WHAT IS BEING ASKED >>
Would you retype exactly the lines below, starting with the one that has "From the Lizabella" and going on through the one that has "Never worn. Stylish", with no pictures and nothing else?

PROVIDED DATA >>
[Start of Attachment]

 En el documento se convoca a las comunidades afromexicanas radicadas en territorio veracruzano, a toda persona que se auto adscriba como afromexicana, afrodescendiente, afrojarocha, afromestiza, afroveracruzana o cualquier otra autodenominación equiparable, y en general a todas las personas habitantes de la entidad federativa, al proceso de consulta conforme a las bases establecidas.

[End of Attachment]
[Start of Attachment]

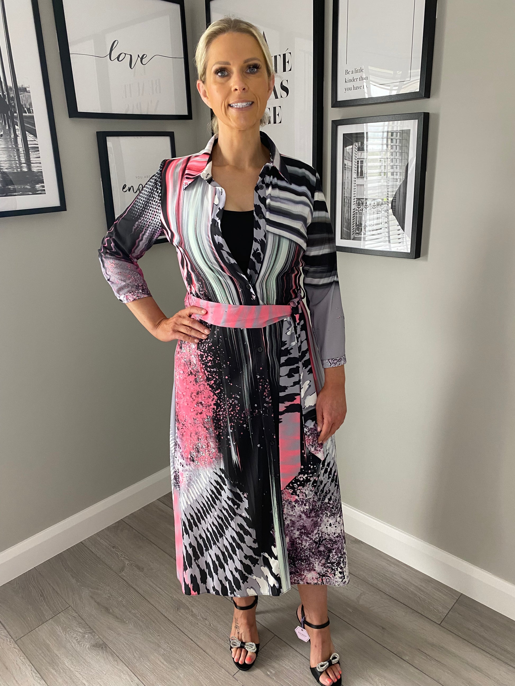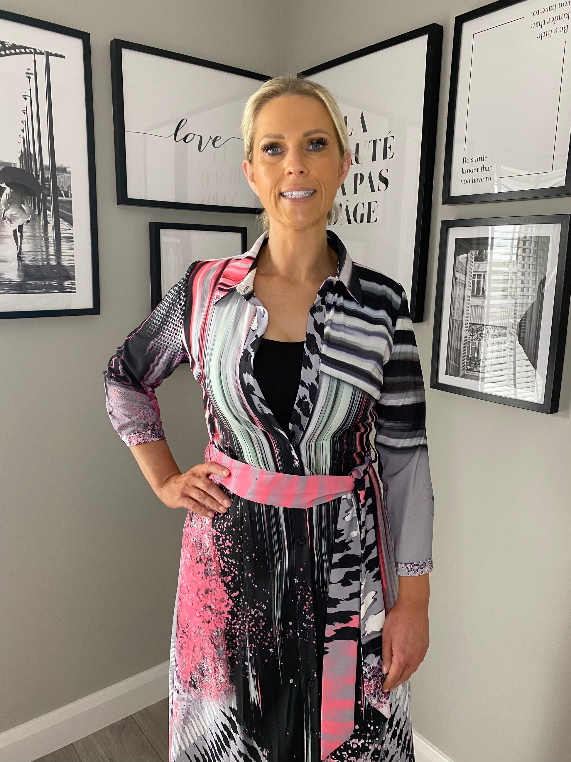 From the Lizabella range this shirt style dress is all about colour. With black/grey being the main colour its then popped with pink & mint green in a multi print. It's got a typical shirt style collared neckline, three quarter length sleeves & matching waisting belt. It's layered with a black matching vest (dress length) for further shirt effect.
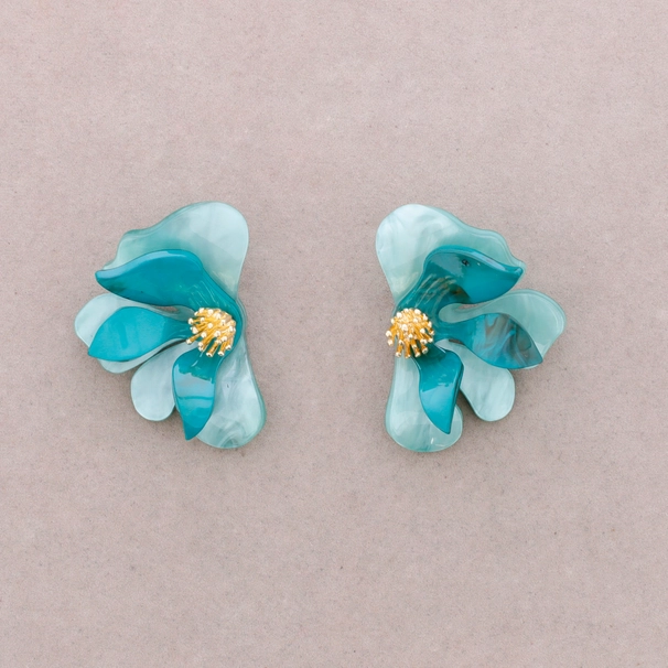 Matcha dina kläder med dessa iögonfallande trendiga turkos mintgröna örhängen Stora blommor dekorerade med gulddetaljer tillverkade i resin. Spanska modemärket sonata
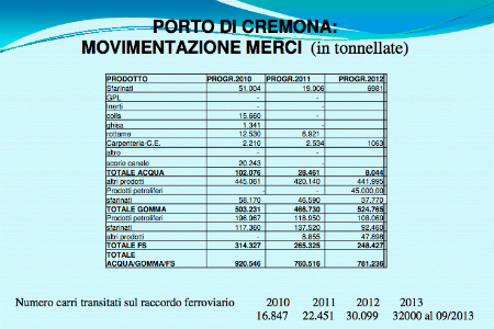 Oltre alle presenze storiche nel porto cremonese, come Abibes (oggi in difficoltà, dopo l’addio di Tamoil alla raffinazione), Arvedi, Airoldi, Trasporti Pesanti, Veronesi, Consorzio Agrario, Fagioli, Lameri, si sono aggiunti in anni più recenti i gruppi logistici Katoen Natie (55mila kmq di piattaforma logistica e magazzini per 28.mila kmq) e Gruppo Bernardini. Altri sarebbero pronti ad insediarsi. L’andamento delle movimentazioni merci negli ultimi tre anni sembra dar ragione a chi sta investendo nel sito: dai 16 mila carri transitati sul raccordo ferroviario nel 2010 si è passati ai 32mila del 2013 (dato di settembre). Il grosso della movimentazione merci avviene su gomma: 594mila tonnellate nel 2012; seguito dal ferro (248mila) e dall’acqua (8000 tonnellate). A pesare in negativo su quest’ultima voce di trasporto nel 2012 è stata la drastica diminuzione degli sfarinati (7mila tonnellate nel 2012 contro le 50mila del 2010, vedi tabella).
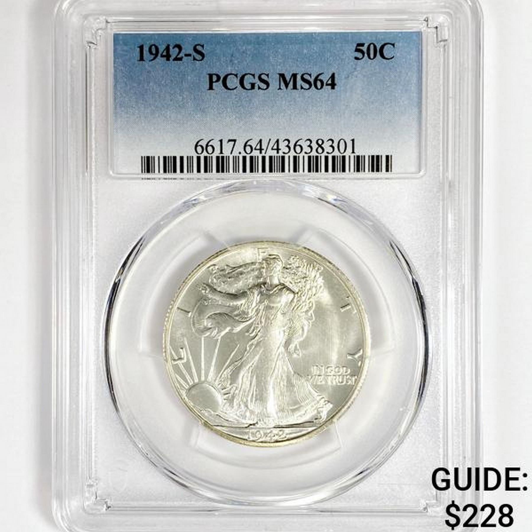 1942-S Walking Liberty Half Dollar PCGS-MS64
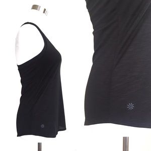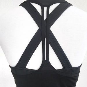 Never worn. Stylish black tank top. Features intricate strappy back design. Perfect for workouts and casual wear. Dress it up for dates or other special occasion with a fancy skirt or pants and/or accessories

[End of Attachment]
[Start of Attachment]

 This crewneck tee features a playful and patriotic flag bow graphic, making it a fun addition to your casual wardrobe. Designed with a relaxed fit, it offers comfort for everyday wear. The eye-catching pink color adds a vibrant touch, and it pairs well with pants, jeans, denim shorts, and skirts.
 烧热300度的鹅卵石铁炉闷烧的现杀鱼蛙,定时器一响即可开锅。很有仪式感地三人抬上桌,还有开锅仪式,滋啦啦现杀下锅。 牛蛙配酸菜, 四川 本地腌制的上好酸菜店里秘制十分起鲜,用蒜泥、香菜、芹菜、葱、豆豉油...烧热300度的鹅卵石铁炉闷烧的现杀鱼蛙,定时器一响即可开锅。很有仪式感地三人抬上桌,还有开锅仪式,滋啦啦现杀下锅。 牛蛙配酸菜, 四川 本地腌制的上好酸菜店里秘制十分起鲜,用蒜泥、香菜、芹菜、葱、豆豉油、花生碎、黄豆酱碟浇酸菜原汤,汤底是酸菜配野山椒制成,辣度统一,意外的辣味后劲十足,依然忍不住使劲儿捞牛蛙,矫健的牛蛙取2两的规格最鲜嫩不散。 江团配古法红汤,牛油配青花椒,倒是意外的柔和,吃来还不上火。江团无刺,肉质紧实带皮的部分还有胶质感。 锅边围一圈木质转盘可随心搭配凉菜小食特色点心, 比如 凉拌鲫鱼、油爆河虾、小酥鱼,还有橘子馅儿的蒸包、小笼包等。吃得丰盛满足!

[End of Attachment]

TASK RESULT >>
 From the Lizabella range this shirt style dress is all about colour. With black/grey being the main colour its then popped with pink & mint green in a multi print. It's got a typical shirt style collared neckline, three quarter length sleeves & matching waisting belt. It's layered with a black matching vest (dress length) for further shirt effect.
 Matcha dina kläder med dessa iögonfallande trendiga turkos mintgröna örhängen Stora blommor dekorerade med gulddetaljer tillverkade i resin. Spanska modemärket sonata
 Oltre alle presenze storiche nel porto cremonese, come Abibes (oggi in difficoltà, dopo l’addio di Tamoil alla raffinazione), Arvedi, Airoldi, Trasporti Pesanti, Veronesi, Consorzio Agrario, Fagioli, Lameri, si sono aggiunti in anni più recenti i gruppi logistici Katoen Natie (55mila kmq di piattaforma logistica e magazzini per 28.mila kmq) e Gruppo Bernardini. Altri sarebbero pronti ad insediarsi. L’andamento delle movimentazioni merci negli ultimi tre anni sembra dar ragione a chi sta investendo nel sito: dai 16 mila carri transitati sul raccordo ferroviario nel 2010 si è passati ai 32mila del 2013 (dato di settembre). Il grosso della movimentazione merci avviene su gomma: 594mila tonnellate nel 2012; seguito dal ferro (248mila) e dall’acqua (8000 tonnellate). A pesare in negativo su quest’ultima voce di trasporto nel 2012 è stata la drastica diminuzione degli sfarinati (7mila tonnellate nel 2012 contro le 50mila del 2010, vedi tabella).
 1942-S Walking Liberty Half Dollar PCGS-MS64
 Never worn. Stylish black tank top. Features intricate strappy back design. Perfect for workouts and casual wear. Dress it up for dates or other special occasion with a fancy skirt or pants and/or accessories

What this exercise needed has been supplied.